The essential security headers for Apache sites are: Strict-Transport-Security (HSTS), X-Frame-Options, X-Content-Type-Options, Referrer-Policy, Permissions-Policy, and Content-Security-Policy. Each protects against a different class of attack.
How do I add Content-Security-Policy in .htaccess?
Use mod_headers: `Header set Content-Security-Policy "default-src 'self'; script-src 'self' 'unsafe-inline'"`. Start with report-only mode to catch violations without blocking anything: `Header set Content-Security-Policy-Report-Only "...policy...;"`.
What is HSTS in .htaccess?
HTTP Strict Transport Security (HSTS) tells browsers to always use HTTPS for your domain, even if the user types `http://`. The header is: `Header always set Strict-Transport-Security "max-age=31536000; includeSubDomains"`. Only add it after HTTPS is working correctly — it's very hard to undo.
How do I prevent clickjacking with .htaccess?
`X-Frame-Options: DENY` prevents your site from being embedded in any iframe. `X-Frame-Options: SAMEORIGIN` allows embedding only from your own domain.
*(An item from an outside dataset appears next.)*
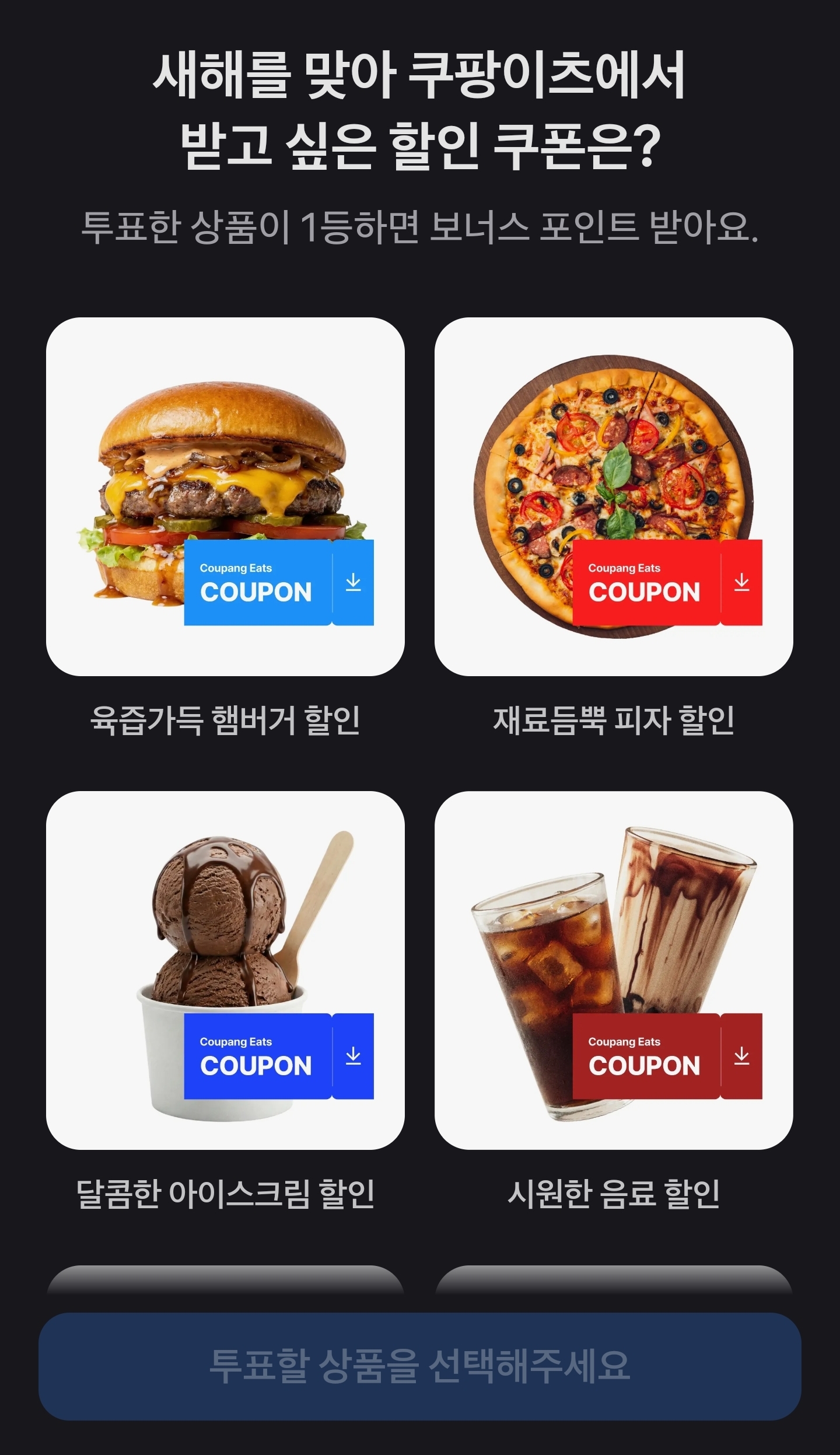 오늘의 주제는 바로 "새해를 맞아 쿠팡이츠에서 받고 싶은 할인 쿠폰은?"
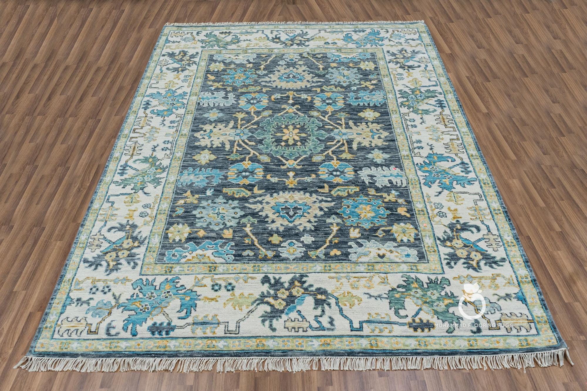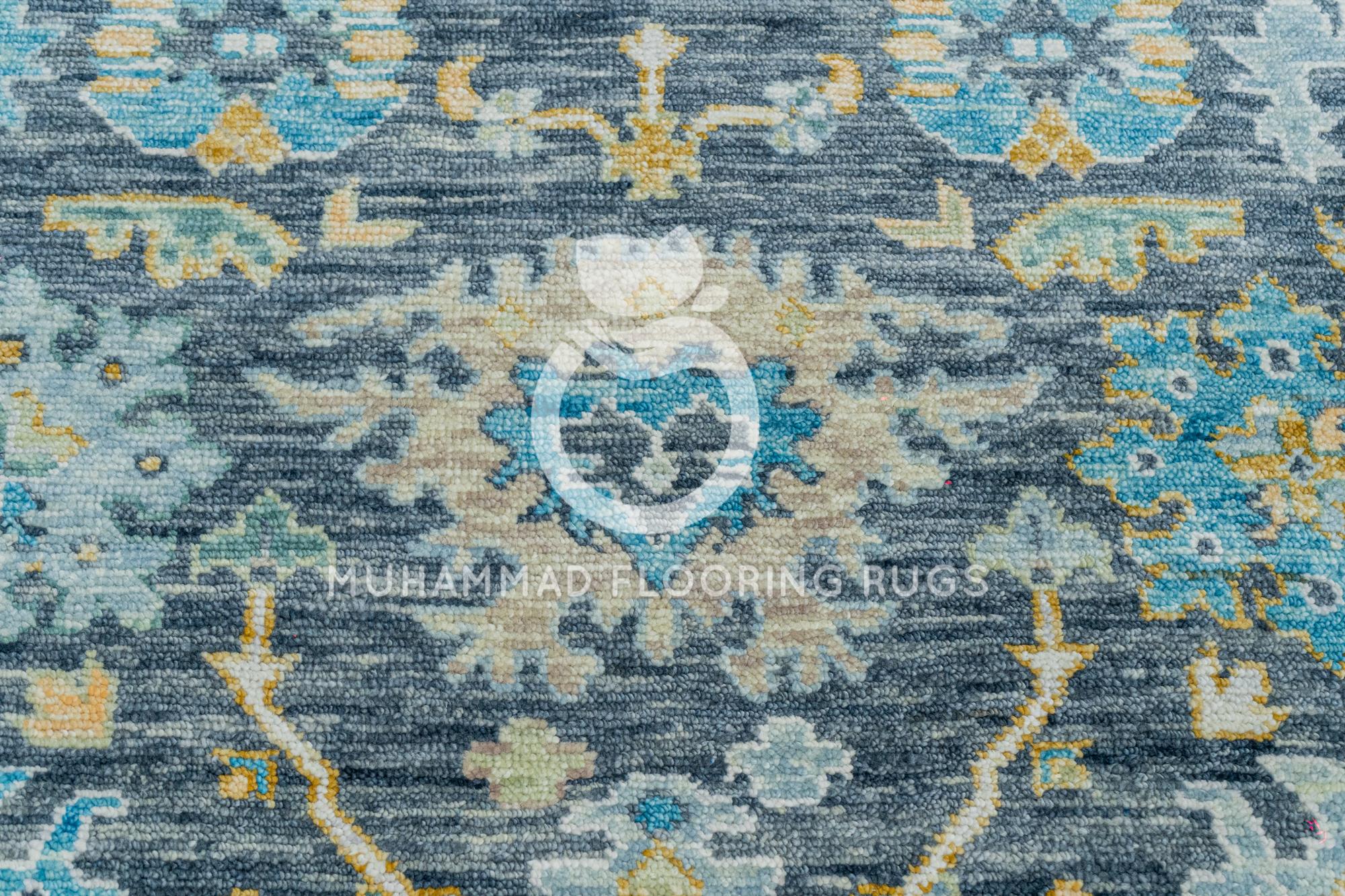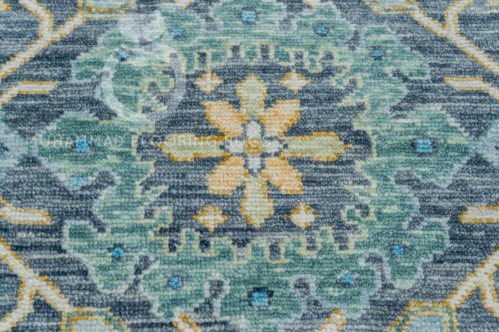 Handcrafted Turkish Medallion Rug - Elegant Gray and Blue Design Large Turkish Area Rug with Timeless Medallion Pattern - Gray and Yellow

Use `Content-Security-Policy: frame-ancestors 'self'` for more fine-grained control, as X-Frame-Options is being deprecated.
What is X-Content-Type-Options?
`X-Content-Type-Options: nosniff` prevents browsers from MIME-type sniffing — guessing a file's type based on content when the server sends an incorrect Content-Type. MIME sniffing can allow attackers to serve malicious scripts disguised as harmless files.